Task directions = In the material below, find the line with "이익잉여금 + 자본조정 |" and the line with "Pack includes: 1". Output exactly those two lines and all lines between them, leaving out pictures.

Source data =
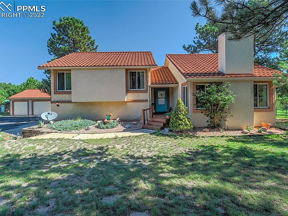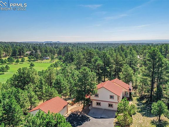 Remodeled home in the very desirable Black Forest with almost 5.5 acres of the perfect mixture of lush green meadows and mature Ponderosa Pines tucked on the corner of a quiet cul-de-sac! Located in a horse and outbuilding friendly community with fantastic access to the amenities of Falcon and an easy commute to Colorado Springs or Denver. The gorgeous grounds have been meticulously maintained and trees have been fire mitigated. Newer low maintenance stucco exterior. Very high end clad metal roof made to look like a tile roof. Newer asphalt driveway. 4 car detached garage. RV electric hook-up and parking area. The most peaceful outdoor entertaining spaces with multiple recently stained decks overlooking the park like and serene grounds. The great room has vaulted ceilings, wood accents, tons of large windows w/ great natural light, an energy efficient wood stove w/ tile surround. Updated kitchen open to the great room and dining room with slab granite counters, stainless appliances and refinished hardwood floors with a walk-out to the back deck. Three upper level bedrooms with two baths. The master bedroom is spacious and features a private master deck, walk-in closet and private fully renovated bath with soaking tub, new tile, new light fixtures and slab granite counter. The other second level bath has been totally remodeled as well with new tile, marble counter, marble floors, new light and plumbing fixtures. The lower level features a family room w/ walk-out to the back of the home and the spacious fourth bedroom w/ walk-in closet. The furnace was replaced in 2021. Newer energy efficient vinyl windows. Both bathrooms remodeled in 2020. Zoned for horses and outbuildings. No HOA. One of the most breathtaking lots in Black Forest with the perfect mixture of trees and meadow with level ground perfect for horses. The owners have taken amazing care of this property. See this home quickly!
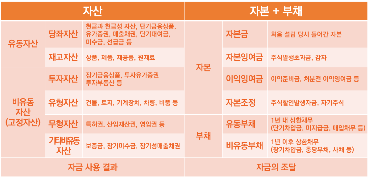 | 1. 자산 = 유동자산+ 비유동자산(고정자산) 1) 유동자산 = 당좌자산 + 재고자산 2) 비유동자산(고정자산) = 투자자산 + 유형자산 + 무형자산 + 기타비유동자산 2. 부채 = 유동부채 + 비유동부채 3. 자본 = 자본금 + 자본잉여금 + 이익잉여금 + 자본조정 |
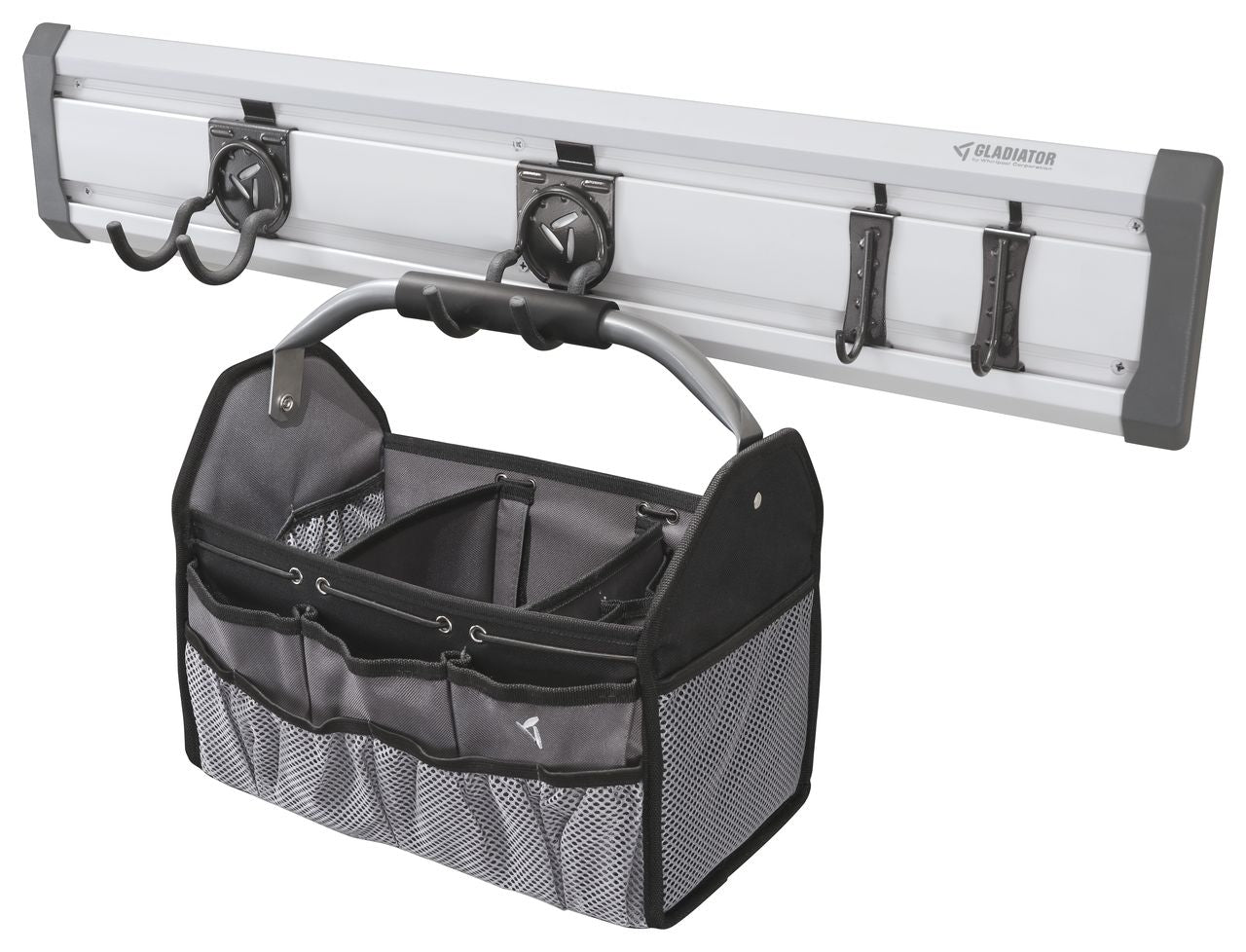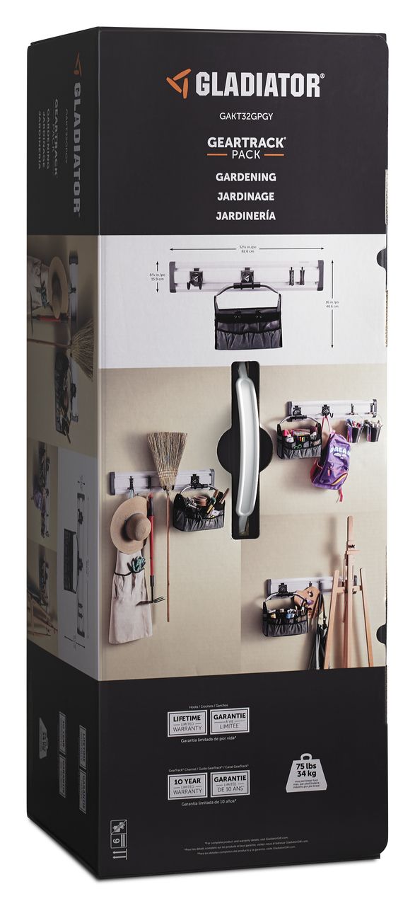 Pack includes: 1 x Project Bag, 2 x Scoop Hooks, 2 x J Hooks, 1 x 32" GearTrack® Channel, 2 x End Caps, 6 x Colour Matched Screws, 1 x Compatible Driver Bit
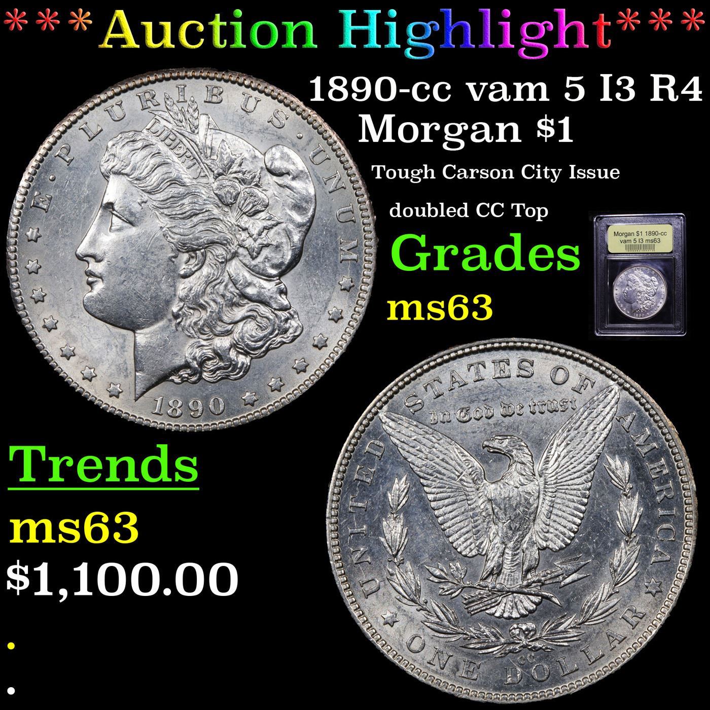 ***Auction Highlight*** 1890-cc vam 5 I3 R4 Morgan Dollar $1 Graded Select Unc By USCG. A Corey's Pick, Bid to Win Coin

Solved exercise =
 | 1. 자산 = 유동자산+ 비유동자산(고정자산) 1) 유동자산 = 당좌자산 + 재고자산 2) 비유동자산(고정자산) = 투자자산 + 유형자산 + 무형자산 + 기타비유동자산 2. 부채 = 유동부채 + 비유동부채 3. 자본 = 자본금 + 자본잉여금 + 이익잉여금 + 자본조정 |
 Pack includes: 1 x Project Bag, 2 x Scoop Hooks, 2 x J Hooks, 1 x 32" GearTrack® Channel, 2 x End Caps, 6 x Colour Matched Screws, 1 x Compatible Driver Bit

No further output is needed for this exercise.